教科書を変える(かもしれない)SN2反応の話

有機化学を始める上で、もっとも基本的な反応と言えばSN1[unimolecular(1分子) Nucleophilic Substitution、太字を逆に並べると「SN1」になる]反応とSN2(bimolecular Nucleophilic Substitution)反応でしょう。

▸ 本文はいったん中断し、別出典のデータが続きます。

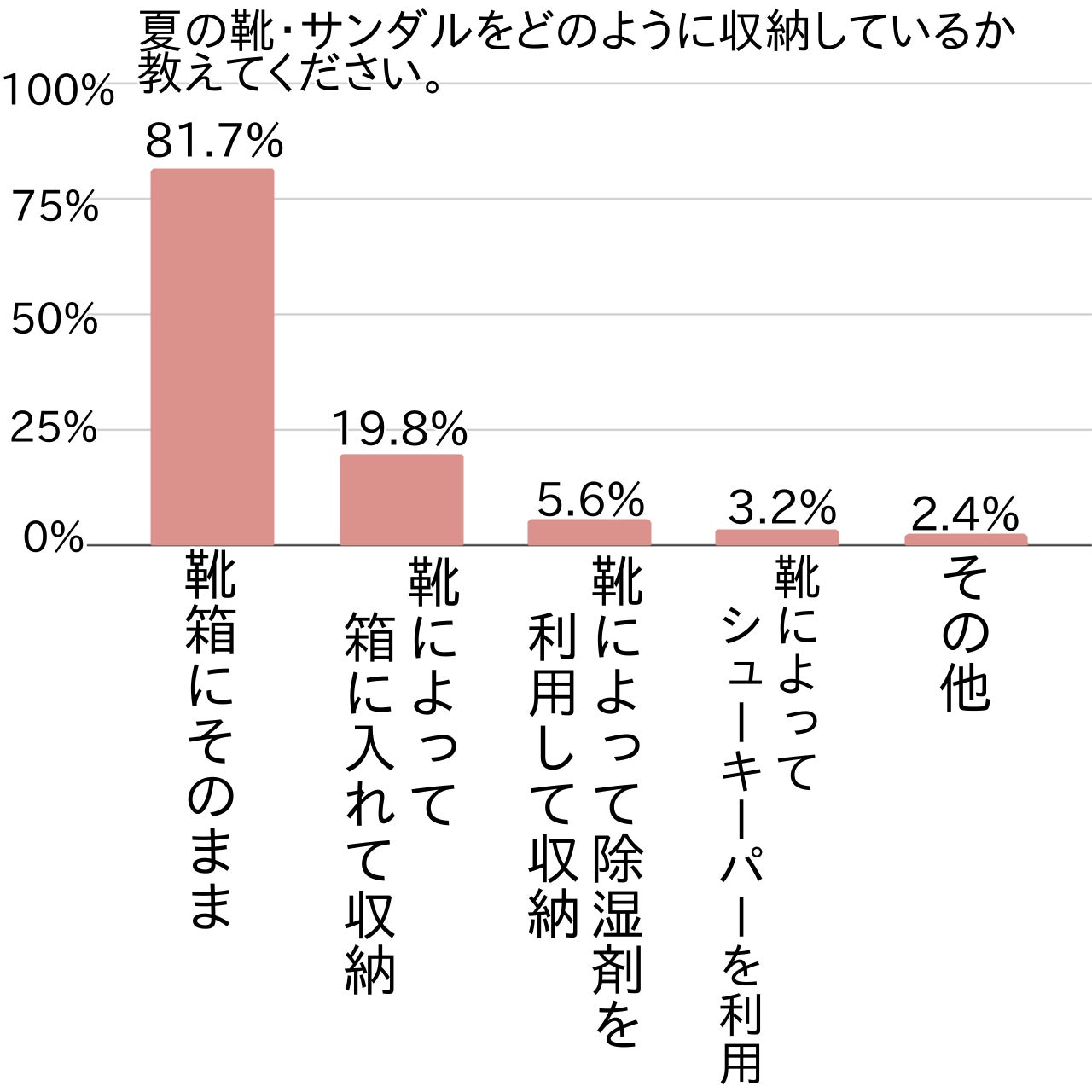 アンケートでは次に、夏の靴・サンダルをどのように収納しているか尋ねました。
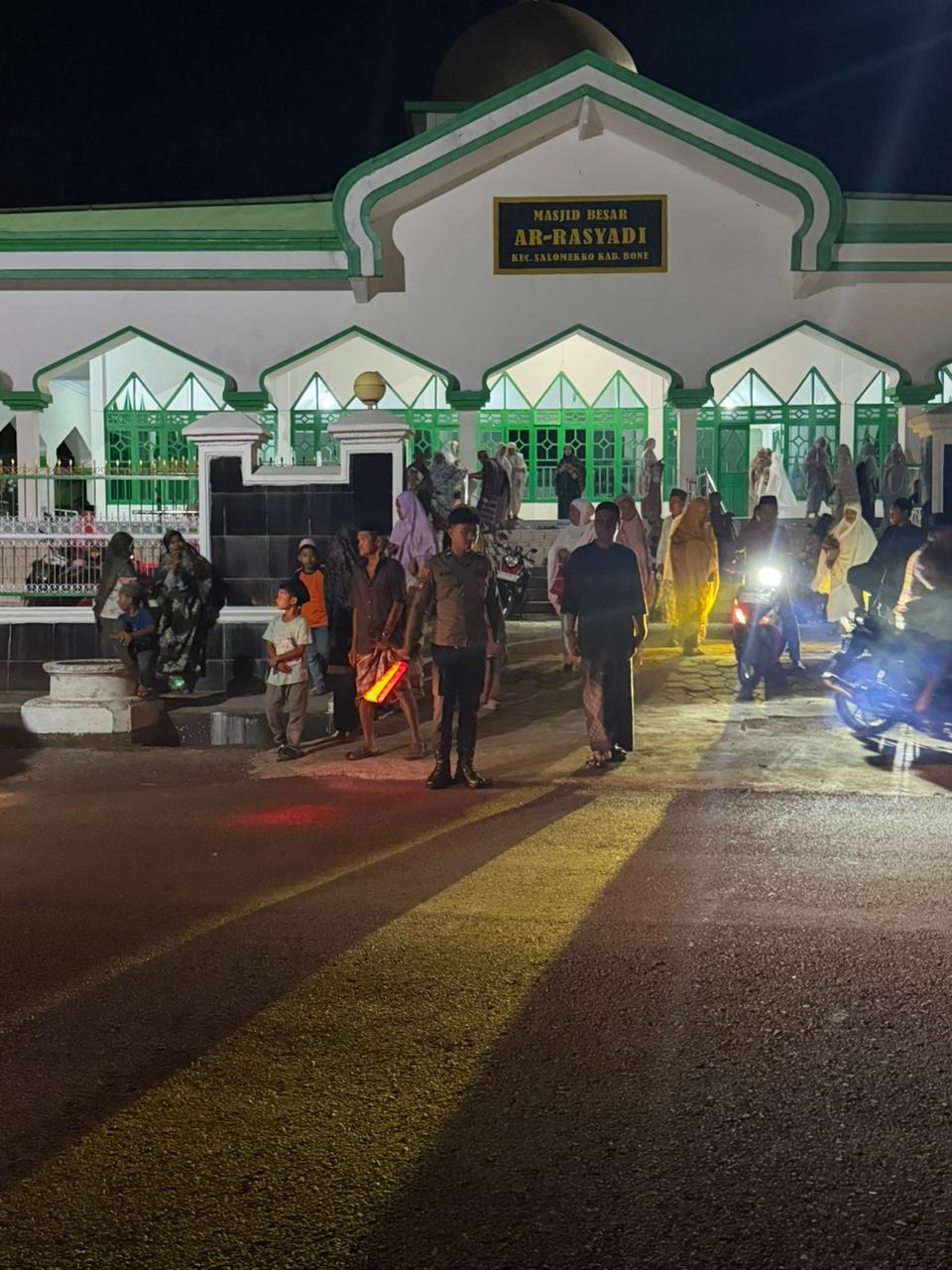 BONE – Dalam rangka memberikan rasa aman dan nyaman kepada masyarakat selama bulan suci Ramadan, tahun 1447 H/2026 M, anggota jaga Polsek Salomekko melaksanakan kegiatan pengamanan sholat tarawih di Masjid Besar Ar Rasyadi Kelurahan Pancaitana Kec.Salomekko, Kabupaten Bone, Minggu, 22 Februari 2026.

 SN2反応は求電子種に対して求核種が攻撃して置換反応が起こるもので、必ず2分子反応で進行するため反応速度式は2次になります。また、求核種は脱離基の逆サイドから必ずやってくるので、置換反応が終わった後の立体化学は必ず反転します。
SN2 反応機構.jpg

一方SN1反応はというと脱離基を持った求電子種から脱離基が飛んでいき、平面構造を取ったカルボカチオンが生成。この平面状のカチオンに対して求核種がくっついて生成物となる反応機構です。律速過程は原料求電子種から脱離基が飛んでカルボカチオンになる過程であり、求核種の付加反応が律速過程に入ってこないことから速度式は1次になります。重要なのはSN2反応とは異なり、原料の立体化学がカルボカチオンになることによって保持されないこと、つまりカルボカチオンに対して求核種は図の右からも左からもやってこれるので立体化学を保持した生成物と反転した生成物の両方が生じます。
SN1 反応機構.jpg

その反応性もSN1とSN2では大きく異なります。SN1反応ではカチオン性中間体を経ることから、そのカチオンを安定化できるもの、つまり超共役やσ供与などの恩恵に与かって+性を薄めることのできる多置換炭素程SN1反応が有利となります。一般的には3級炭素 CR3-X (安定な3級カルボカチオンが発生) >> 2級炭素 CHR2-X >> 1級炭素 CH2R-X >>>>>>> メチル基 CH3-Xの順番の反応性となります。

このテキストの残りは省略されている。